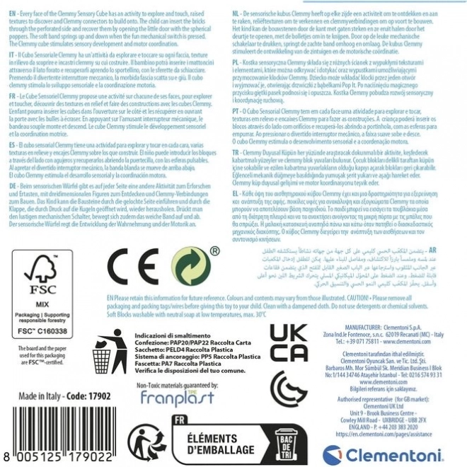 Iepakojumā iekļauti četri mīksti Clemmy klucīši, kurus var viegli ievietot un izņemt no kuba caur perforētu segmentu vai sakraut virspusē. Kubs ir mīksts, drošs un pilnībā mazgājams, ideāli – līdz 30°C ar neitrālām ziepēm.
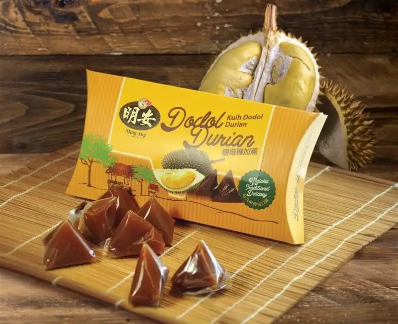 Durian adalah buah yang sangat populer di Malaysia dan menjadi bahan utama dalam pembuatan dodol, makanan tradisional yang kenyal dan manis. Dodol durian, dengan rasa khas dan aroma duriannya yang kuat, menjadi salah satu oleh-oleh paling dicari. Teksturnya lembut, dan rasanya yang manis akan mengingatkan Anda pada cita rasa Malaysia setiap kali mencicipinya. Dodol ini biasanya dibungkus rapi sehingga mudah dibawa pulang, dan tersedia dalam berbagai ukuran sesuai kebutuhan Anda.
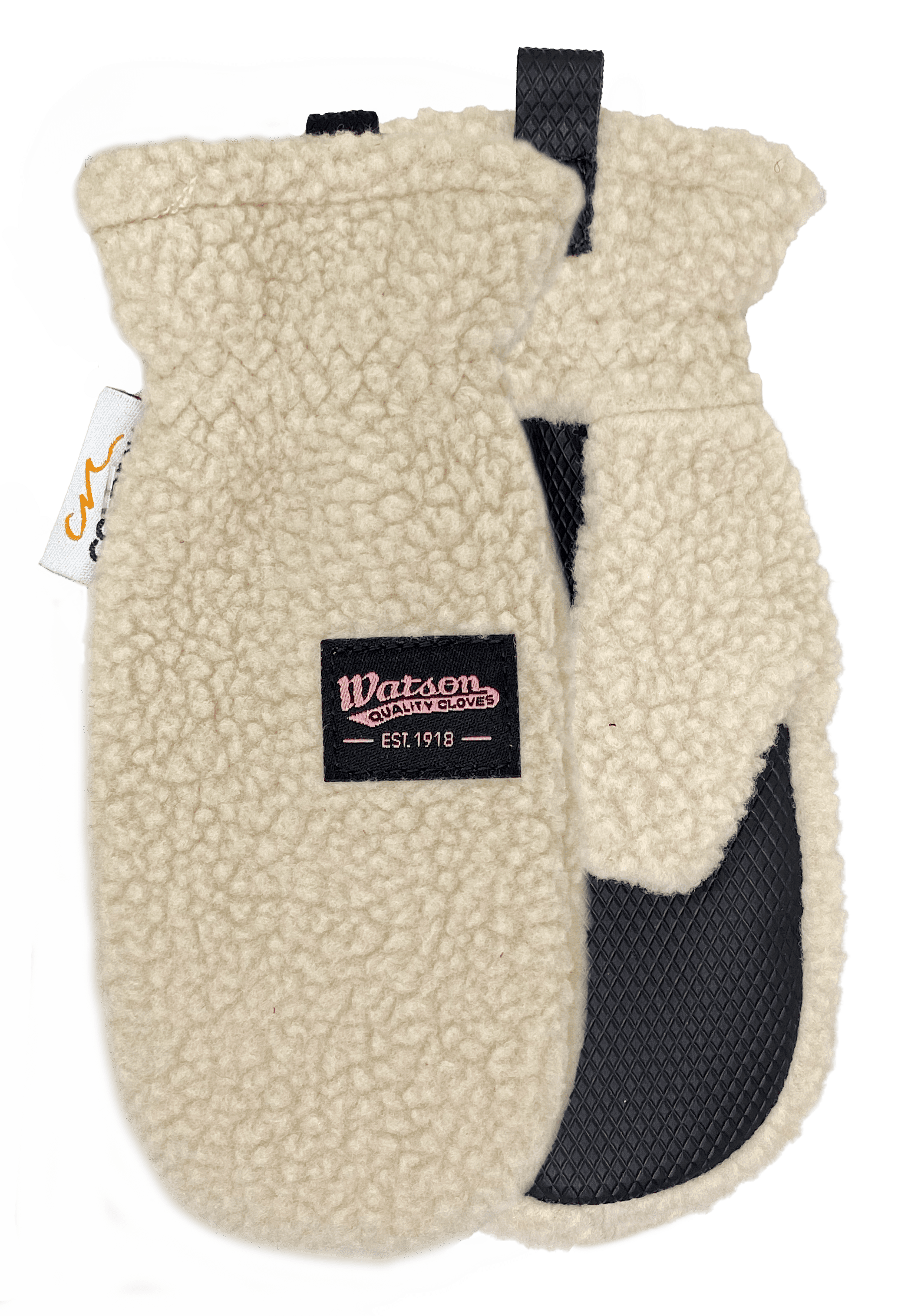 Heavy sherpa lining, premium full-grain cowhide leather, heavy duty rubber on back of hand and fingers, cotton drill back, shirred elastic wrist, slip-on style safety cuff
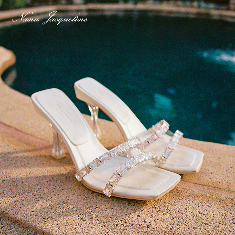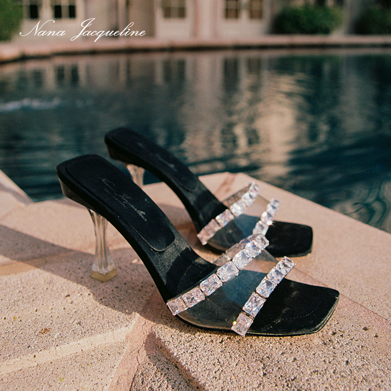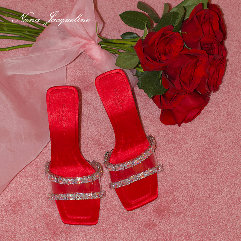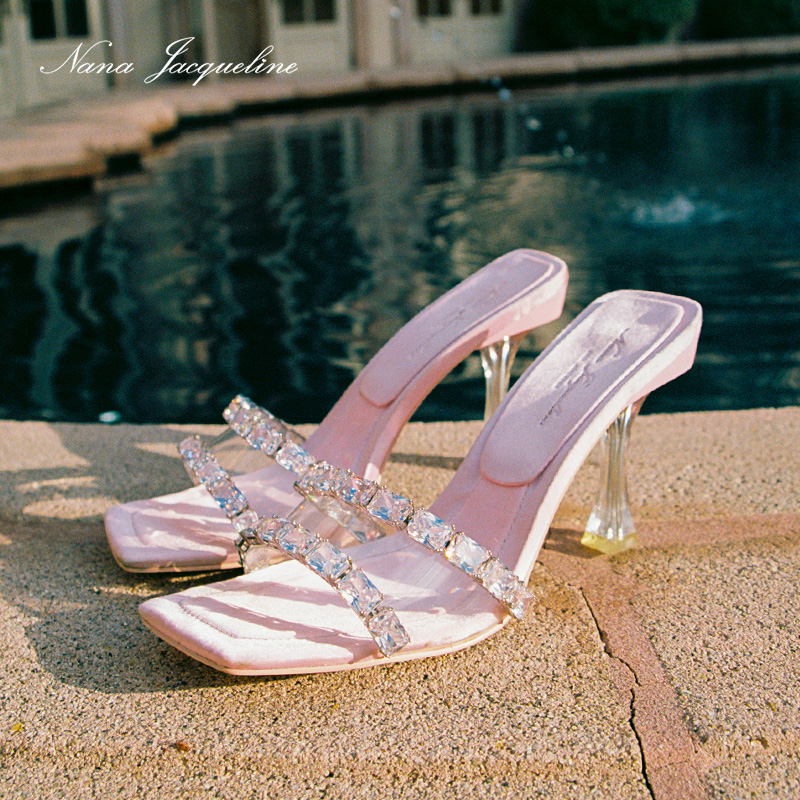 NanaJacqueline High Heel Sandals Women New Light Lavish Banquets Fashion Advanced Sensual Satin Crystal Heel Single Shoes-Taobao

**PROBLEM DETAILS:**
Starting with the line that holds "Heavy sherpa lining, premium", repeat exactly every line through the end of the material above, both ends included, without the pictures.

**EXERCISE SOLUTION:**
 Heavy sherpa lining, premium full-grain cowhide leather, heavy duty rubber on back of hand and fingers, cotton drill back, shirred elastic wrist, slip-on style safety cuff
 NanaJacqueline High Heel Sandals Women New Light Lavish Banquets Fashion Advanced Sensual Satin Crystal Heel Single Shoes-Taobao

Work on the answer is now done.